For some reason we've been told not to do this anymore. We're not even supposed to run some after to make sure the last bits in the tubing go in. And we aren't to prime with the NS which makes it fun to stop at the exact right time when priming with the bood. It really bothers me, because we still use the two spike tubing and leaving a spike just hanging there bothers me.

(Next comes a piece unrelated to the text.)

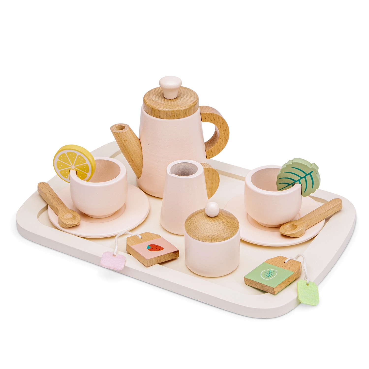 Pozovite plišance i prijatelje na stilsko čajno druženje s prekrasnim drvenim setom za djecu od 2 godine. Set sadrži čajnik s poklopcem, 2 šalice s tanjurićima, vrč za mlijeko, posudicu za šećer, žličice, vrećice čaja, krišku limuna, listić mente i prostrani poslužavnik. Potiče finu motoriku, maštu i društvenu igru, a zahvaljujući prirodnom drvu i nježnim bojama lijepo će se uklopiti u dječju sobu.

But I know at my last job and earlier in my career at this job we'd use some saline to get things moving. Although I'll admit, it does run fine without it. But it seems so wasteful leaving all that good stuff in the tubing.

Could it be that the patient wasn't supposed to get the whole unit? I try to keep an open mind that my colleagues are doing their job fine, even if differently from how I'd do it. Giving them the same benefit of the doubt that I'd like them to give me.

you should consider that unless there is a protocol for this to be at the nurse's discretion, no iv fluids are given without a physician prescription, including ns. if the patient has any fluid overload problems, extra saline isn't going to be a good thing. if there's a protocol that says every unit of prbcs is hung on a y-connector with ns to dilute it prn, then fine.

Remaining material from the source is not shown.